What you should do –
Starting from the line with "Альстромерии, Гвоздики, Кустовые" and going up to and including the line with "Orientações programáticas e", copy the listing below exactly. Leave all images out.
(Supplied information Opens)
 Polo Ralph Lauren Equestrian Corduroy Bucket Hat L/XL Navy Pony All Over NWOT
(Supplied information Closes)
(Supplied information Opens)
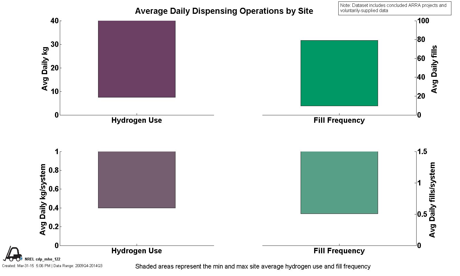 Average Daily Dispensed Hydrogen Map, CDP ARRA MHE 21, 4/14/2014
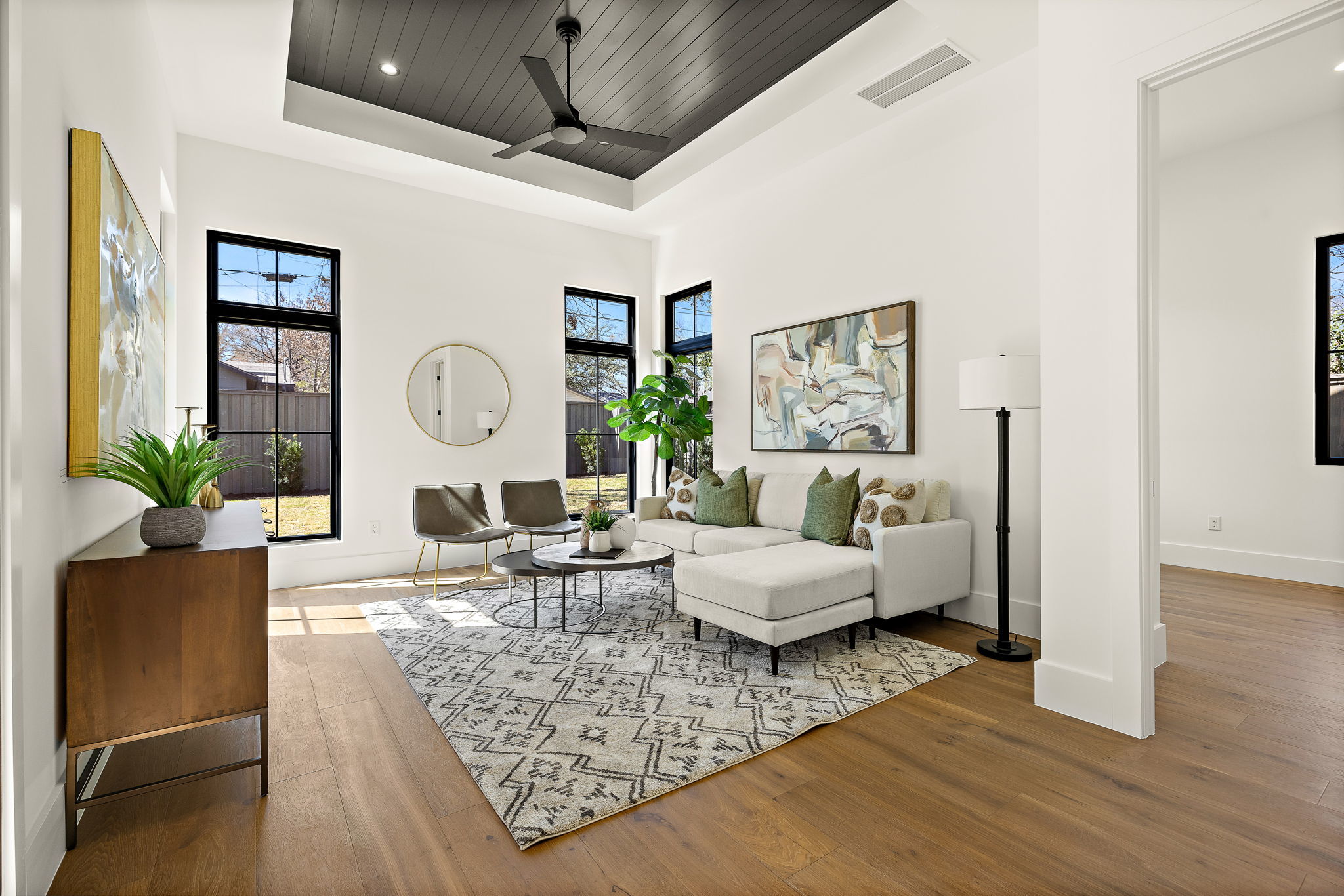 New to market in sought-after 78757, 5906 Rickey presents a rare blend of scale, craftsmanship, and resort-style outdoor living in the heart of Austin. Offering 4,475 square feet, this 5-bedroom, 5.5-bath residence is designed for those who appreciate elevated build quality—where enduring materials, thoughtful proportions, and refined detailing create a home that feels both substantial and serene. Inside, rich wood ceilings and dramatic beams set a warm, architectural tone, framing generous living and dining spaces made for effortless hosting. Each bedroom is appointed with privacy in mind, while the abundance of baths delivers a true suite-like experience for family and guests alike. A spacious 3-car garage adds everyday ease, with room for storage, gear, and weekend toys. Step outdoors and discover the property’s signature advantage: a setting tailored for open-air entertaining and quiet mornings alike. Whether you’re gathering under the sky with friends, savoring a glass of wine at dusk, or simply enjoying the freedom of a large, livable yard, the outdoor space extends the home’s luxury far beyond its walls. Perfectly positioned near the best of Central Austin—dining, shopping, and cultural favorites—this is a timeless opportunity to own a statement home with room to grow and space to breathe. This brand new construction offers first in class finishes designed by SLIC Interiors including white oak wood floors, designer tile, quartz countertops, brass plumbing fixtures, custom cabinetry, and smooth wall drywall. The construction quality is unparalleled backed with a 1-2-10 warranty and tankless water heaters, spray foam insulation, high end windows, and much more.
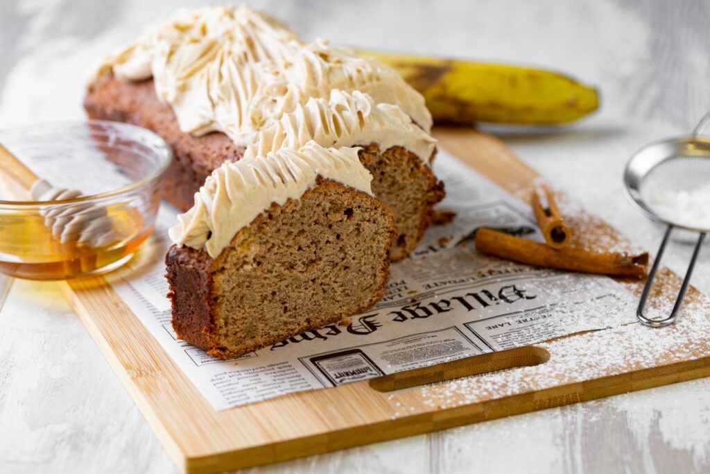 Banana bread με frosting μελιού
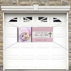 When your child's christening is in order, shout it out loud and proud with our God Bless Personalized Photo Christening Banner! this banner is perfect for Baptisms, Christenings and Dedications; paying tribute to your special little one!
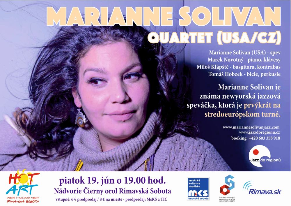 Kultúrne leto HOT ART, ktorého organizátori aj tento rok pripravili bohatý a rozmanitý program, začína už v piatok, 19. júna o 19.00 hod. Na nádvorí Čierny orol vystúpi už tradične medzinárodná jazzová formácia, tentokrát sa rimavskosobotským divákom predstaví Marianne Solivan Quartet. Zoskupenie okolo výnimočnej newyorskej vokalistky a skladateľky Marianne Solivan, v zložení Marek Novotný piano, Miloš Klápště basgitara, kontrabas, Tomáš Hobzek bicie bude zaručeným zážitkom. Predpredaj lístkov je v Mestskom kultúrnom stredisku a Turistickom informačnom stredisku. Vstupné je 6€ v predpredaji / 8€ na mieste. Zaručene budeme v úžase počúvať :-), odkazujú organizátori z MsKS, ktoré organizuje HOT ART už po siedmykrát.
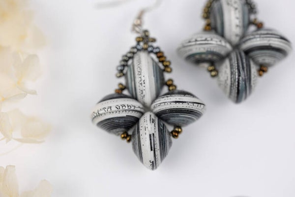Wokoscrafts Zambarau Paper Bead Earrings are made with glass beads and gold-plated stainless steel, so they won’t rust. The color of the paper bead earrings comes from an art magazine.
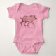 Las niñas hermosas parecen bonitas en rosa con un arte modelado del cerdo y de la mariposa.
(Supplied information Closes)
(Supplied information Opens)
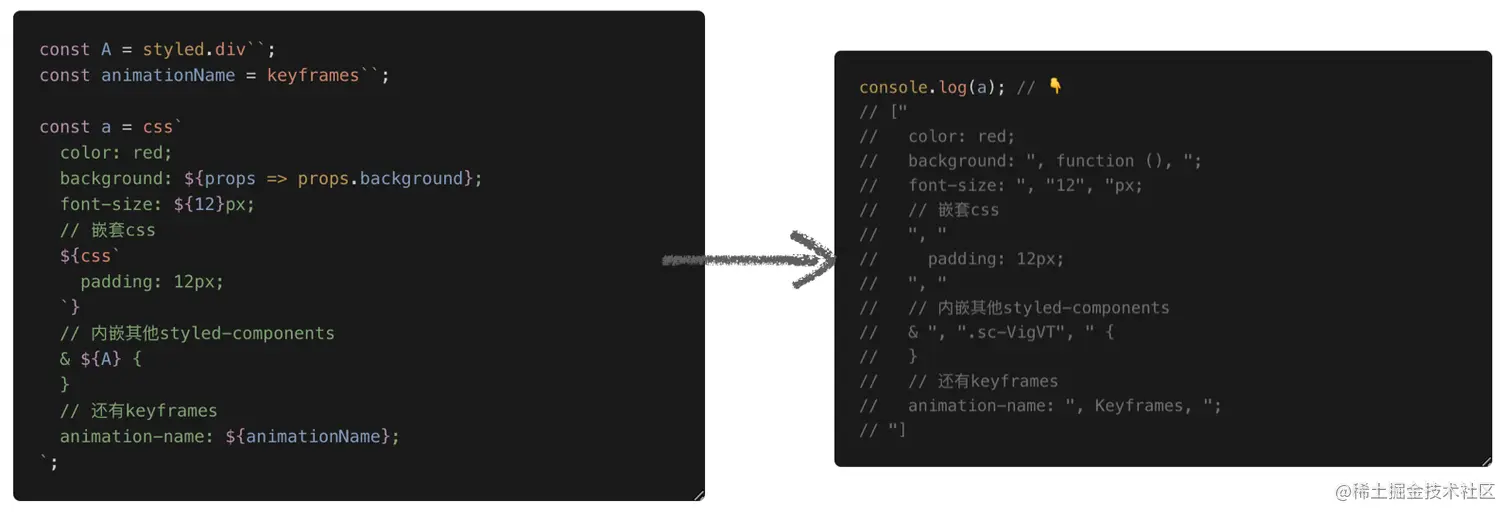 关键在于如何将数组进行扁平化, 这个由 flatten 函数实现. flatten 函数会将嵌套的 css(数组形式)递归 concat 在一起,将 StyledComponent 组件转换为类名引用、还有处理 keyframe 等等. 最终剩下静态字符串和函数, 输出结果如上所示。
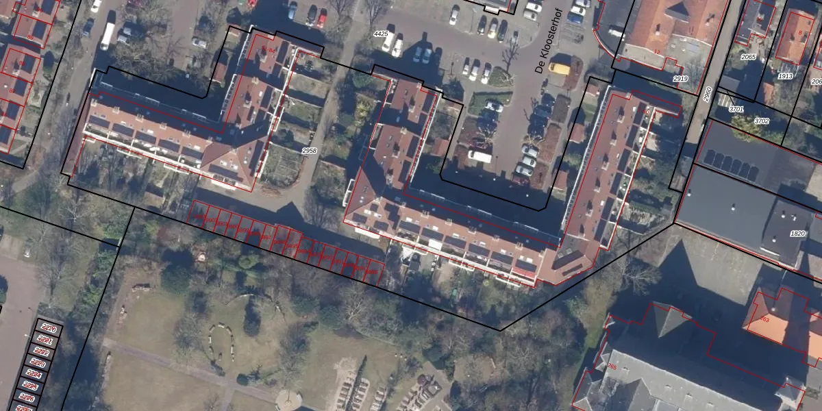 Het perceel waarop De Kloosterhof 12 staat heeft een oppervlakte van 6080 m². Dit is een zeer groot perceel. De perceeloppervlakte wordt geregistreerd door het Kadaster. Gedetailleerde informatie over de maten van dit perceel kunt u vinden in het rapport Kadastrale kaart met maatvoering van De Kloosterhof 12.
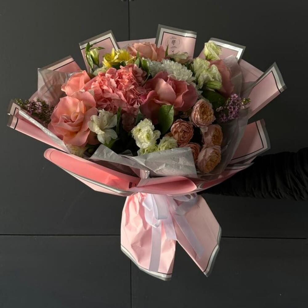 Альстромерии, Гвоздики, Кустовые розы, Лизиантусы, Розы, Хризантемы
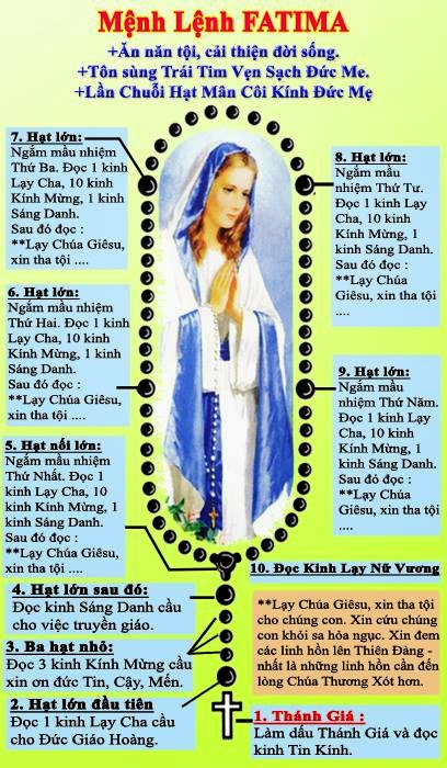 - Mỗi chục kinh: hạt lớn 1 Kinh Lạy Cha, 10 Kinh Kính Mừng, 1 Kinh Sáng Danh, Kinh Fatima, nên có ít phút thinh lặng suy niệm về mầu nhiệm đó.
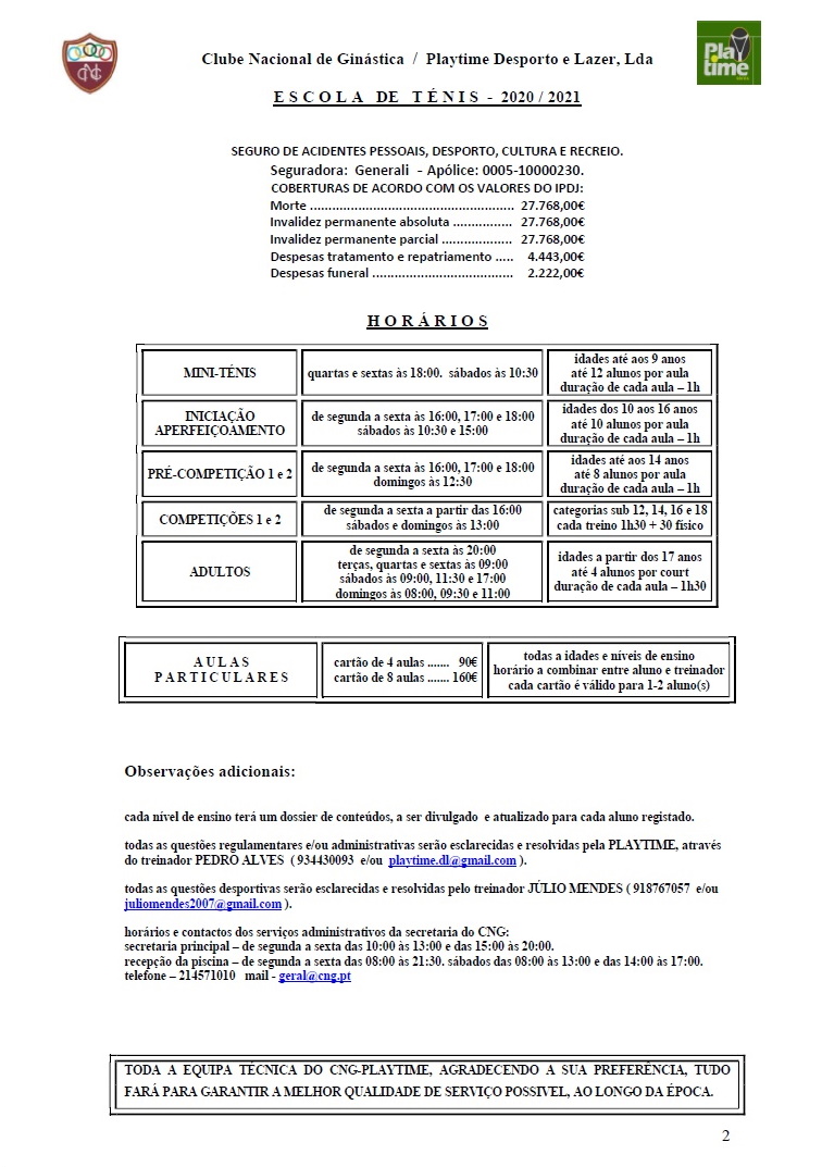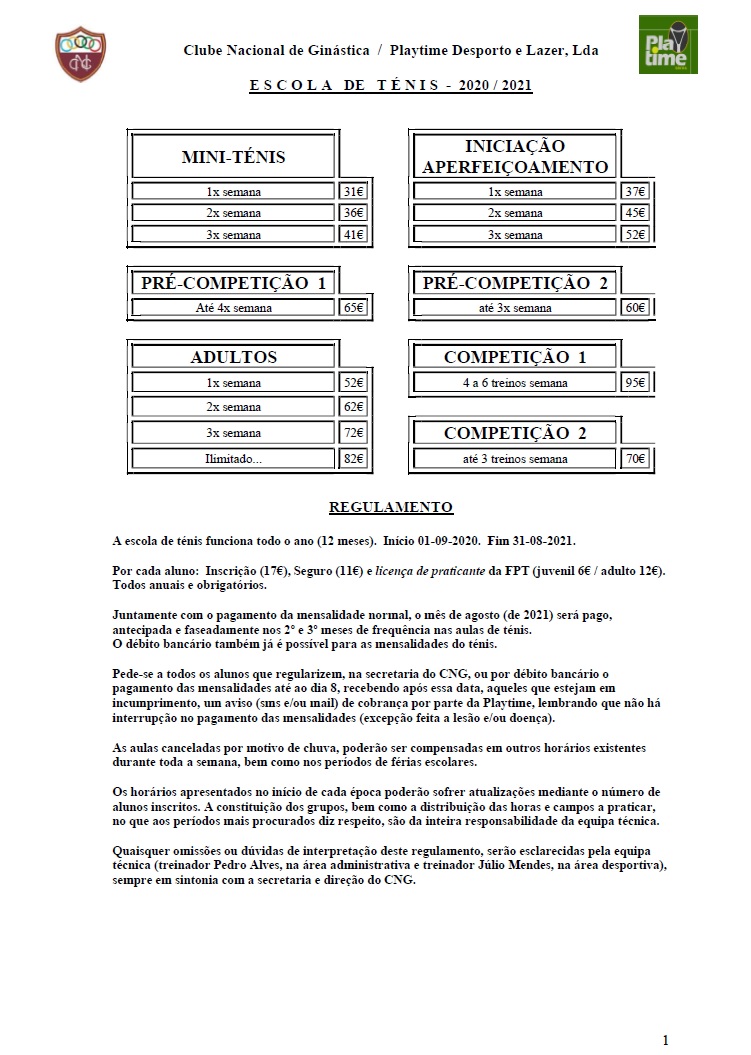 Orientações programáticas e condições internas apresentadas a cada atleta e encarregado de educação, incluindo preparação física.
(Supplied information Closes)
Exercise solution –
 Альстромерии, Гвоздики, Кустовые розы, Лизиантусы, Розы, Хризантемы
 - Mỗi chục kinh: hạt lớn 1 Kinh Lạy Cha, 10 Kinh Kính Mừng, 1 Kinh Sáng Danh, Kinh Fatima, nên có ít phút thinh lặng suy niệm về mầu nhiệm đó.
 Orientações programáticas e condições internas apresentadas a cada atleta e encarregado de educação, incluindo preparação física.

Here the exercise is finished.